Prednisolone is a corticosteroid drug with predominant glucocorticoid and low mineralocorticoid activity, making it useful for the treatment of a wide range of inflammatory and autoimmune conditions[4] such as asthma,[5] uveitis, pyoderma gangrenosum, rheumatoid arthritis, ulcerative colitis, pericarditis, temporal arteritis and Crohn's disease, Bell's palsy, multiple sclerosis,[6] cluster headaches, vasculitis, acute lymphoblastic leukemia and autoimmune hepatitis,[7] systemic lupus erythematosus, Kawasaki disease,[8] dermatomyositis,[9] and sarcoidosis.[10]

Prednisolone acetate ophthalmic suspension (eye drops) is an adrenocortical steroid product, prepared as a sterile ophthalmic suspension and used to reduce swelling, redness, itching, and allergic reactions affecting the eye.[11][12]

Prednisolone can also be used for allergic reactions ranging from seasonal allergies to drug allergic reactions.[13]

Prednisolone can also be used as an immunosuppressive drug for organ transplants.[9][14]

Prednisolone in lower doses can be used in cases of primary adrenal insufficiency (Addison's disease).[15][16]

Corticosteroids inhibit the inflammatory response to a variety of inciting agents and, it is presumed, delay or slow healing.[17] They inhibit the edema, fibrin deposition, capillary dilation, leukocyte migration, capillary proliferation, fibroblast proliferation, deposition of collagen, and scar formation with inflammation.[18]

Adverse effects

There are several adverse reaction from the use of prednisolone:

Nasal septum perforation and bowel perforation are also notable adverse effects that restrict steroids' use in some pathologic conditions.[20][21]

Withdrawal from prednisolone after long-term or high-dose use can lead to adrenal insufficiency.[19]

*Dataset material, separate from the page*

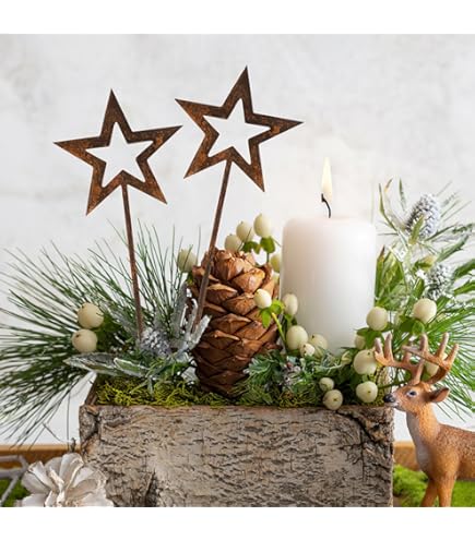 Verleihe deinem Garten einen rustikalen Charme mit diesen coolen rostigen Sternen! Das 3er Set aus robustem Metall in authentischer Rostoptik bringt sofort vintage Flair in deine Beete, Blumenkästen oder auf den Balkon. Die Sterne sind witterungsbeständig und halten auch bei Frost und Kälte problemlos durch - du kannst sie also das ganze Jahr über draußen lassen. Einfach in die Erde stecken und schon verwandeln sie jeden langweiligen Gartenbereich in einen echten Hingucker. Die klassische Sternform passt zu jedem Gartentil und die Rostoptik verleiht dem Ganzen diese besondere, zeitlose Note. Super als Geschenk für Gartenliebhaber oder um dem eigenen Outdoor-Bereich etwas Persönlichkeit zu verleihen. Kein Verrosten, keine komplizierte Pflege - einfach hinstellen und sich an dem einzigartigen Look erfreuen. Dein Garten wird's dir danken!

Pregnancy and breastfeeding

Although there are no major human studies of prednisolone use in pregnant women, studies in several animals show that it may cause birth defects including increase cleft palate. Prednisolone should be used in pregnant women when benefits outweigh the risks and children born from mothers using prednisolone during pregnancy should be monitored for impaired adrenal function.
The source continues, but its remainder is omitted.